这道题是NOIP第一道DP优化题，看似容易，实际上想要满分也颇有难度。
###算法
此题显然要用到DP，DP方程也显而易见：
if (stone[i]) f[i]=min{f[i-j]}+1; (S<=j<=T)
else f[i]=min{f[i-j]};
这样的时间复杂度为 O(LT) ，空间复杂度为 O(L) 。
而此题的L高达 10亿 ，所以这种朴素的方法只能得 30分 ，显然无法AC。
###优化
1.滚动数组
根据我们得出的DP方程，状态转移只需用到 f[i-T]~f[i-S] 的值，所以只需开大小为T的滚动数组即可。
所以空间复杂度被优化到了 O(T) 。由于T小于等于10，所以空间上显然没有问题。
2.离散化DP
看了看别人的题解，发现有人选择压105位来优化，这种方法虽然能过，但是或多或少有投机取巧的嫌疑，毕竟比赛时谁知道去压正好105位呢？
所以我们必须想出一般性的方法。我们会发现，石头的个数M远远小于长度L，不禁让我们想到了离散化——当S<T且有一大段桥没有石头时，常常会出现整个滚动数组f的值一样的情况，这时我们可以在遇到下一颗石头之前不再改变f的值，从而达到优化的效果。
在下用tot变量记录当前数值连续出现的次数，如果超过T次，则将i直接跳转到下一个石头的位置之前，从而提高效率。
优化后，时间复杂度降至 O(MT) ，已经达到了AC的要求。
###特判
上面的离散化显然建立在S<T的基础上。如果S==T，那么永远达不到优化的条件，优化就不会奏效，从而 **TLE：90分 ** 。
因此我们必须加上特判，当S==T时，ans就是位置为T的倍数的石头的数量。虽然简单，却十分考验选手思维的严密性。
###标程

#include <cstdio>
#include <cstring>
#include <climits>

inline int min(int a,int b)
{
return a<b?a:b;
}

int f[20],a[200],L,S,T,M,i,j,p,c,ans=INT_MAX,now,tot;

int main()
{
scanf("%d%d%d%d",&L,&S,&T,&M);
for (i=0;i<M;i++)
scanf("%d",&a[i]);
if (S==T)
{
ans=0;
for (i=0;i<M;i++)
if (a[i]%T==0)
ans++;
printf("%d",ans);
return 0;
}
for (i=0;i<M-1;i++)
for (j=i+1;j<M;j++)
{
if (a[i]>a[j])
{
c=a[i];
a[i]=a[j];
a[j]=c;
}
}
memset(f,0x7F,sizeof(f));
f[0]=0; now=0; tot=0;
for (i=1;i<L+T;i++)
{
for (j=S;j<=T;j++)
{
f[i%T]=min(f[i%T],f[(i-j+T)%T]);
}
if (a[p]==i)
{
f[i%T]++;
p++;
}
if (now==f[i%T])
{
tot++;
}
else
{
now=f[i%T];
tot=0;
}
if (tot==T)
{
i+=(min(a[p]-T,L)-i)/T*T;
}
}
for (i=0;i<T;i++)
{
ans=min(ans,f[i]);
}
printf("%d\n",ans);
return 0;
}

题解

青蛙终于过河了
昨晚睡觉时突然想起需要特判的情况，就是S=T的时候，直接判断每个石子位置mod s是否为0.
其余情况要考虑有些位置根本不可能踩到，不仅仅包括(1,s-1)
最后就是要压缩了。
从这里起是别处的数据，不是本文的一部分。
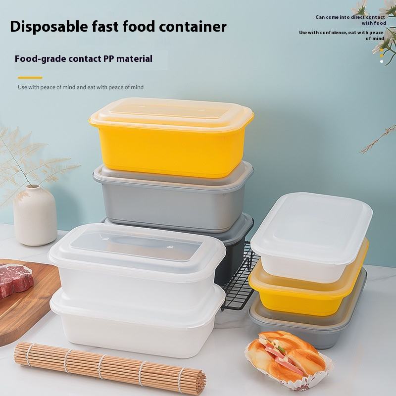 Fiambrera de plástico desechable, rectangular, gruesa, para microondas, con hebilla de seguridad, tapa de plástico, para llevar
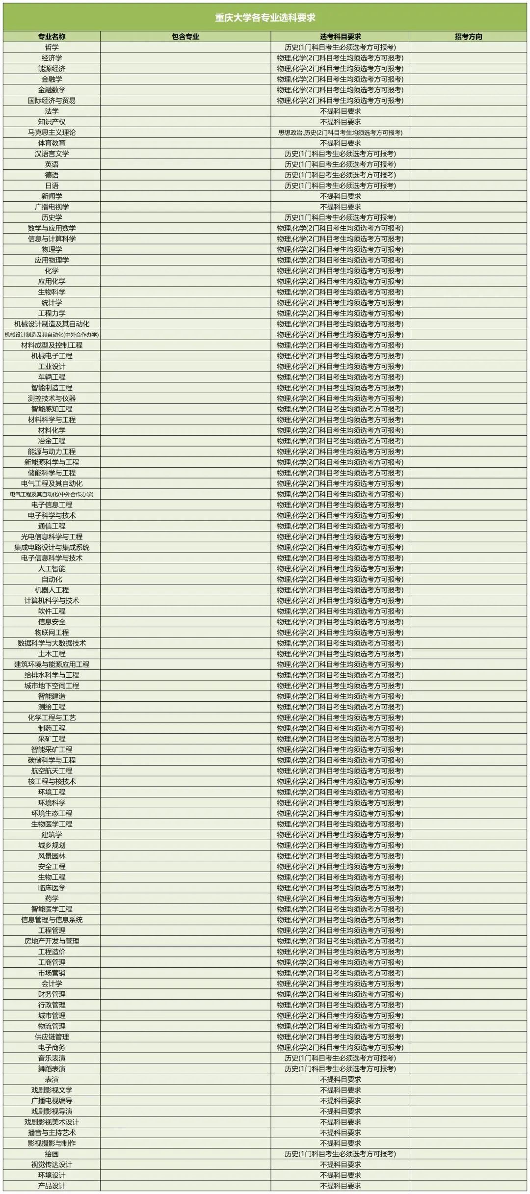 以下是重庆大学新高考选科要求:
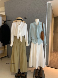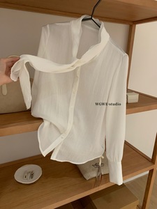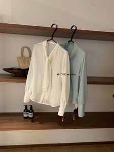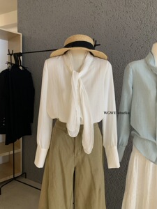 WGWE7030#广州十三行女装2025秋装新款休闲复古衬衣飘带上衣衬衫
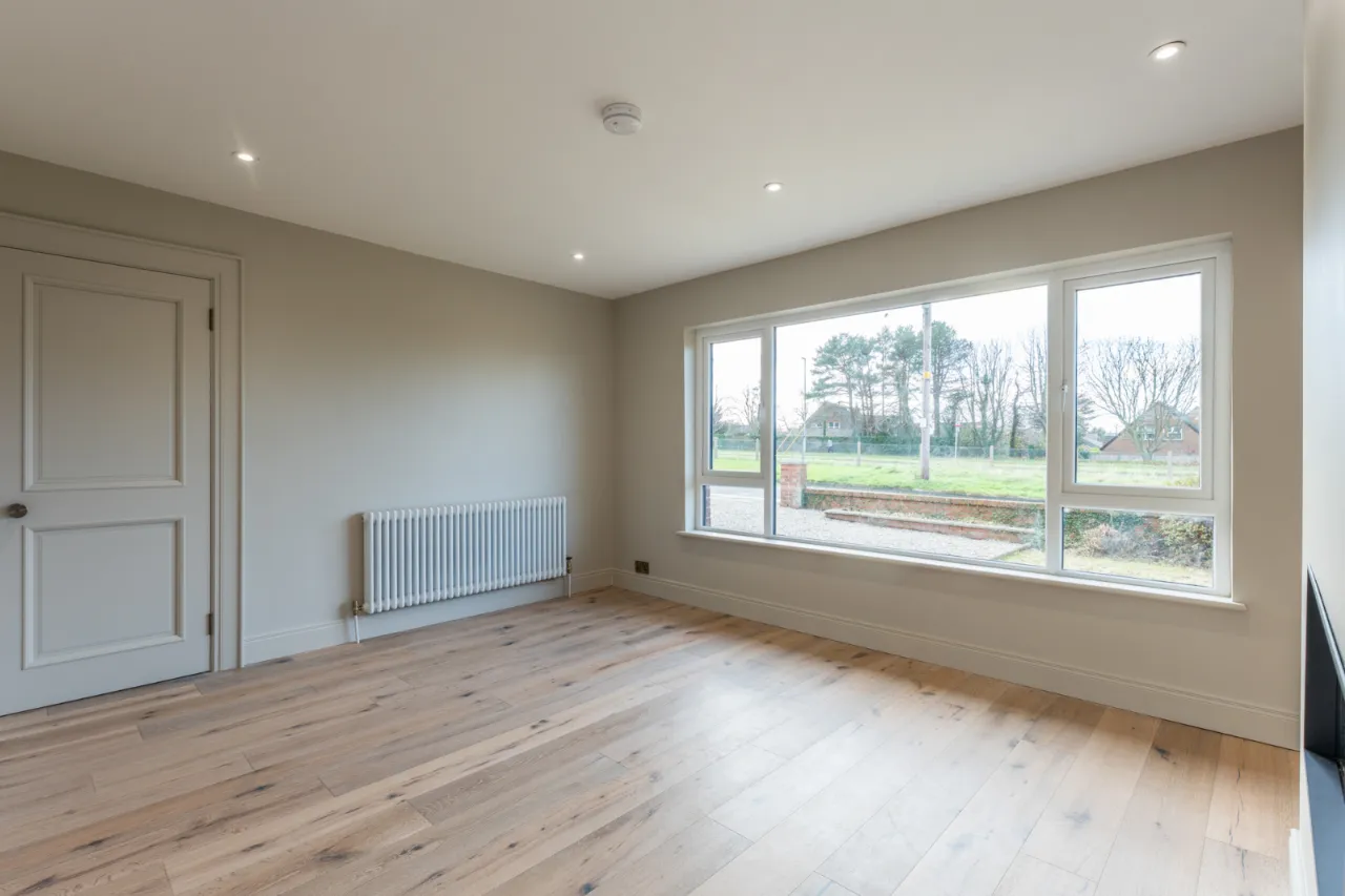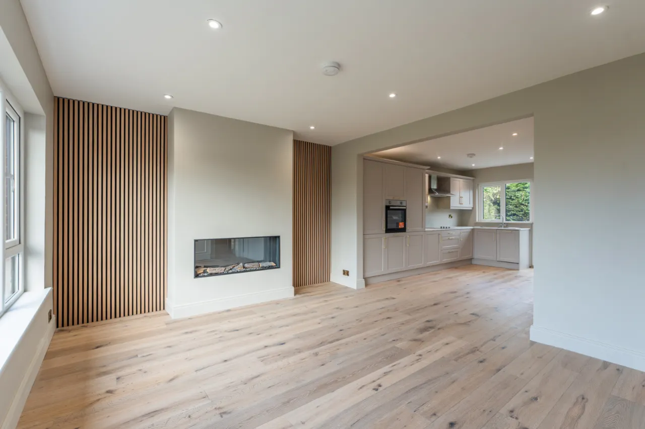 Outlook to front, recessed spotlighting, engineered wood effect flooring, electric fireplace, open to kitchen dining.
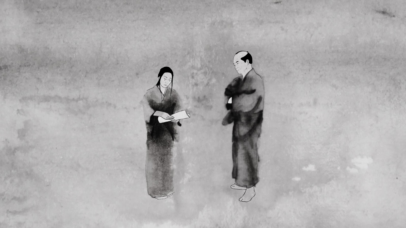 These two worlds represent the tension between duty and love, the former rendered as defined and precise, the latter as an almost ungraspable force. These worlds are framed by a contemporary prologue and epilogue. Filmed in live action, this third world makes a direct connection between Tamagata’s time and our own. The historical distancing serves to highlight the universal relevance of the tale.
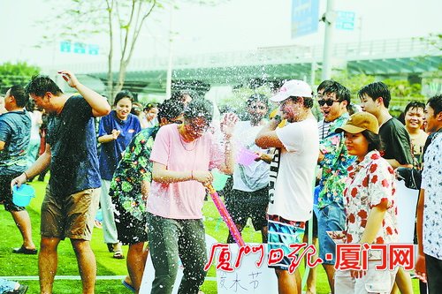 本报讯(文 记者 应洁)昨日(4月14日)下午,华侨大学华文学院2023年东南亚泼水节在龙舟池校区拉开帷幕,吸引400多名师生参与。各种肤色的留学生身着不同风格的服饰,在校园里奔走嬉戏,成为龙舟池畔一道充满异域情调的风景线。
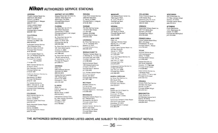 THE AUTHORIZED SERVICE STATIONS LISTED ABOVE ARE SUBJECT TO CHANGE WITHOUT NOTICE

。

我提交了N次
分数变化
0-0-0-70-60-80-0-0

编译成功

测试数据 #0: Accepted, time = 0 ms, mem = 2416 KiB, score = 10
测试数据 #1: Accepted, time = 0 ms, mem = 2424 KiB, score = 10
测试数据 #2: Accepted, time = 0 ms, mem = 2428 KiB, score = 10
测试数据 #3: Accepted, time = 0 ms, mem = 2420 KiB, score = 10
测试数据 #4: Accepted, time = 0 ms, mem = 2416 KiB, score = 10
测试数据 #5: Accepted, time = 0 ms, mem = 2424 KiB, score = 10
测试数据 #6: Accepted, time = 0 ms, mem = 2420 KiB, score = 10
测试数据 #7: Accepted, time = 0 ms, mem = 2420 KiB, score = 10
测试数据 #8: Accepted, time = 0 ms, mem = 2420 KiB, score = 10
测试数据 #9: Accepted, time = 0 ms, mem = 2420 KiB, score = 10
Accepted, time = 0 ms, mem = 2428 KiB, score = 100

六次提交，三次re，的，蛋疼死
贴个程序

#include<cstdio>
#include<algorithm>
using namespace std;
int f[252010],a[110],x[110],c[252010];
int m,l,s,t;
int gcd(int a,int b)
{
if (b==0) return a;
return gcd(b,a%b);
}
int main()
{
freopen("1002.in","r",stdin);
freopen("1002.out","w",stdout);
scanf("%d",&l);
scanf("%d%d%d",&s,&t,&m);
for(int i=1;i<=m;i++) scanf("%d",&a[i]);
sort(a+1,a+m+1);
for(int i=1;i<=m;i++)
{
if (i==1) x[0]=a[i];
else x[i-1]=a[i]-a[i-1];
}
x[m]=l-a[m];
int ss=1;
for (int i=s;i<=t;i++)
{
int z=gcd(ss,i);
ss*=(i/z);
}
for(int i=0;i<=m;i++)
if (x[i]>ss) x[i]=x[i]%ss+ss;
int start=0;
for(int i=0;i<m;i++)
{
start+=x[i];
a[i+1]=start;
c[a[i+1]]++;
}
l=start+x[m];
for(int i=1;i<=l;i++) f[i]=23333333;
f[0]=0;
for(int i=1;i<=l;i++)
for (int j=s;j<=t;j++)
if (i>=j)
if (f[i-j]+c[i]<f[i]) f[i]=f[i-j]+c[i];
for(int i=l;i>=1;i--)
if (f[i]!=23333333)
{
printf("%d",f[i]);
break;
}
return 0;
}

题解：http://blog.163.com/syf_light_feather/blog/static/22375506720136288737938/?latestBlog

我压100，AC，压75，AC，压10，竟然也AC。实在搞不懂其中的数学原理。求高手讲解。